Emeralds's Does It Look Like I'm Here is an exhausted album, and "Now You See Me" is its epiphany that isn't-a climax that's actually a denouement. That's one way to look at this last year or two of Romo's Cowboys tenure. He'll be kinda-brilliantly running out the clock, getting busy living and getting busy dying all at once. He'll make some scrambling throws that only he can pull off, some boneheaded late-game mistakes, and it'll all be for naught, or a sub-.500 record. Sometimes it turns out the waiting was the best part all along.

Prediction: 7-9

-Colin McGowan

New York Giants - Busta Rhymes ft. Swizz Beatz, "New York Shit"

Last September, I was in a Brooklyn sports bar when the Giants scored on a long touchdown pass to Victor Cruz to tie the score against Kansas City. All around me, people high-fived, and one particularly pumped-up dude bellowed, "Our season starts now, baby!" A couple hours later, the Giants had lost 31-7. Their season never really began and they finished 7-9 on the year.

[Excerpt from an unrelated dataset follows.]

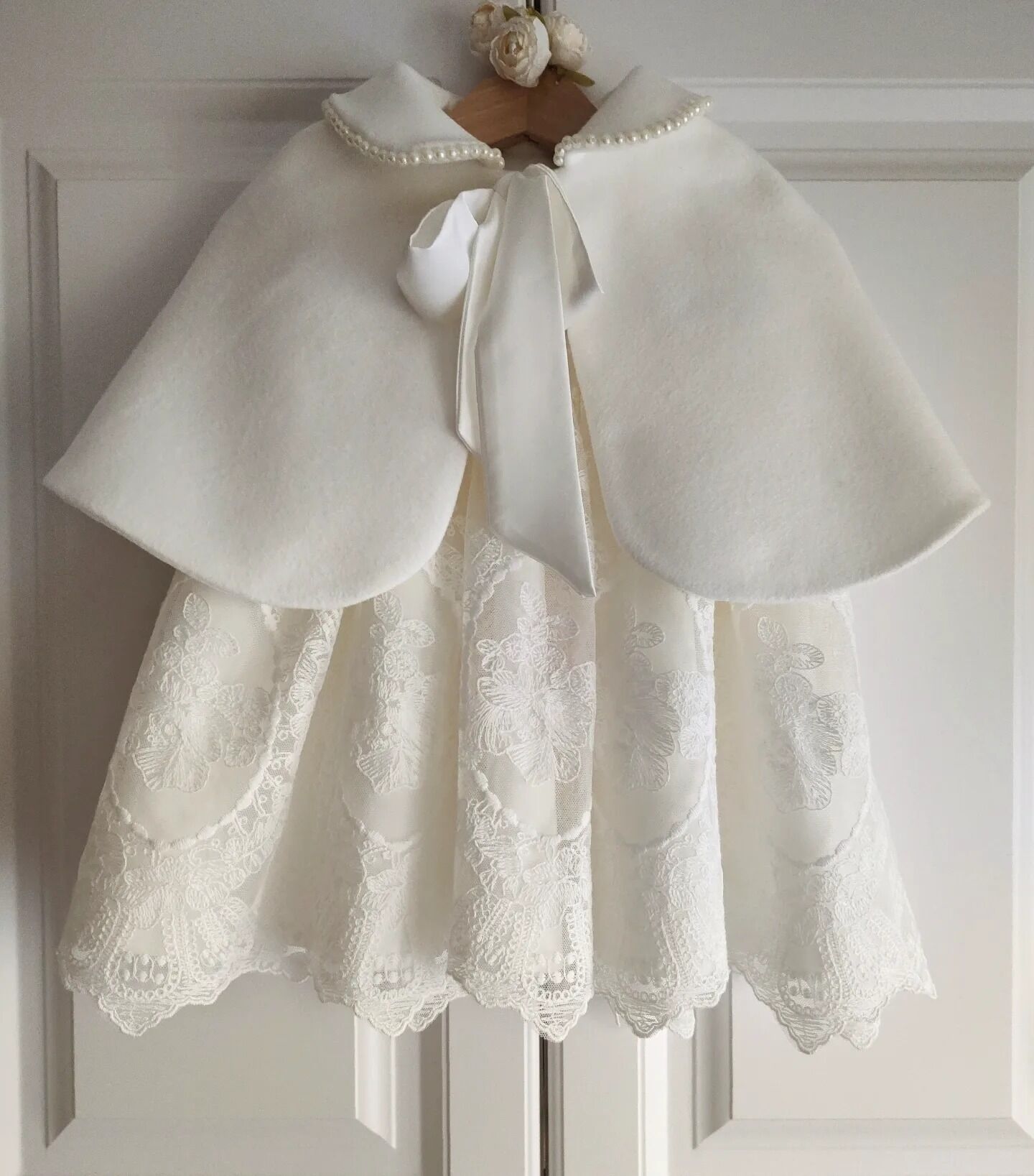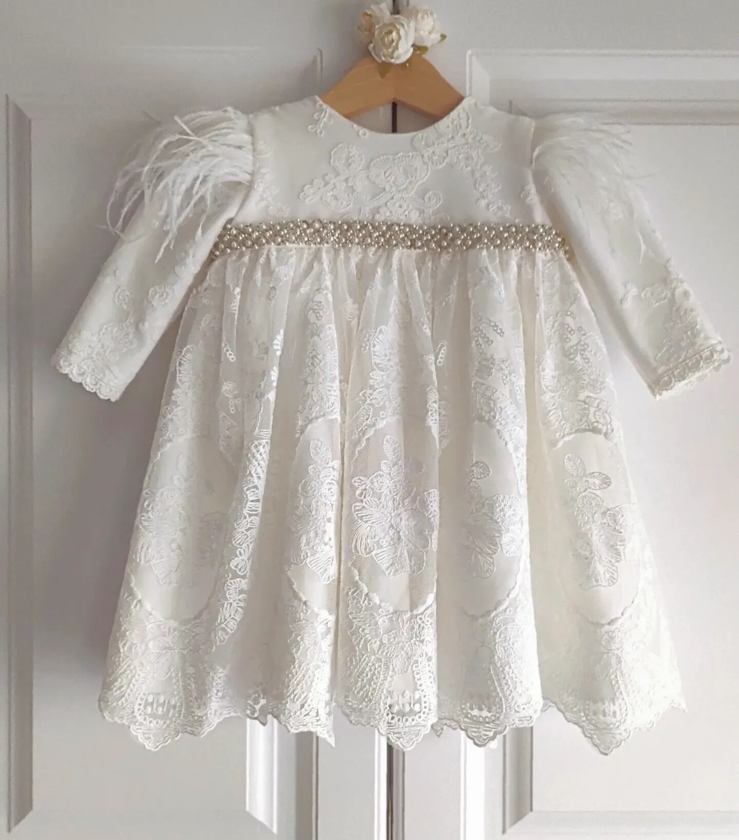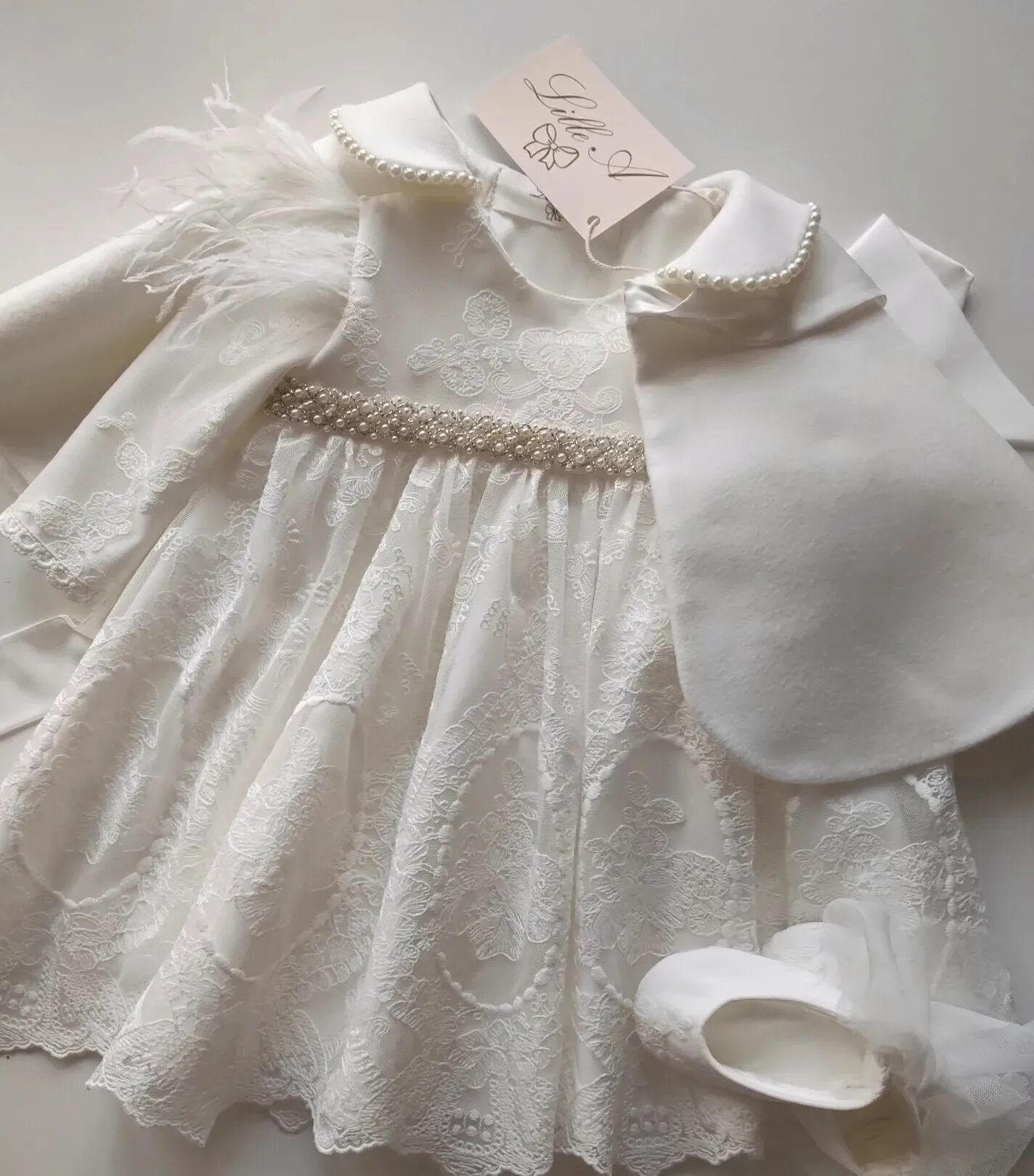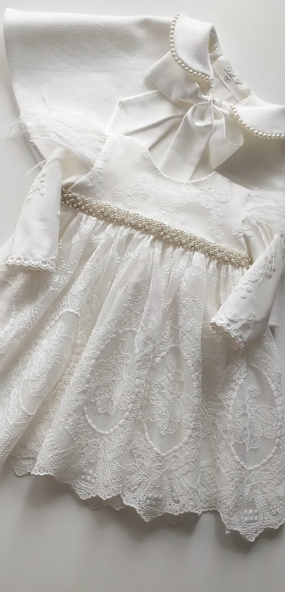 Rochia Angel este realzata din dantela brodata cu detalii pene si perlute,la interior captusala moale pentru confortul bebeluei.Se pot realiza papucei 55 lei,bonetica asortata 65 lei.

I bring this up to illustrate that Giants fans, by and large, have the most misplaced macho confidence in the league. Bolstered by a couple of Super Bowl wins against the New England, Giants fans generally have the swagger of supporters of successful franchises, though in reality their team was a mess last season thanks to a porous offensive line and a turnover-happy quarterback in Eli Manning who led the league in interceptions. A stout defense and an easy schedule got them seven wins, but they've got to play the NFC West this year, don't have a competent running back on their roster, and are likely going to finish third in their division again. Giants fans should be glumly shrugging and adopting the wait-til-next-year pose patented by Jets loyalists.

The kind of New Yorkers (and New Jerseyans) who like the Giants don't have the capacity for pessimism, however. They're the dudes who will insist, loudly and repeatedly that New York hip-hop is the only true hip-hop. They'll wear expensive watches and tell you how much they spent on them. They'll stare you down when you bump into them on the subway, prepared to start a fight if you don't apologize profusely. They're the embodiment of Busta Rhymes pounding Hennessy while Sinatra's "New York, New York" plays in the background. They'll be talking about the playoffs when the team is 2-5, complaining about the refs when one of Peyton Hillis's four-yard runs gets called back for holding, and they'll be drinking shitty light beer the entire time.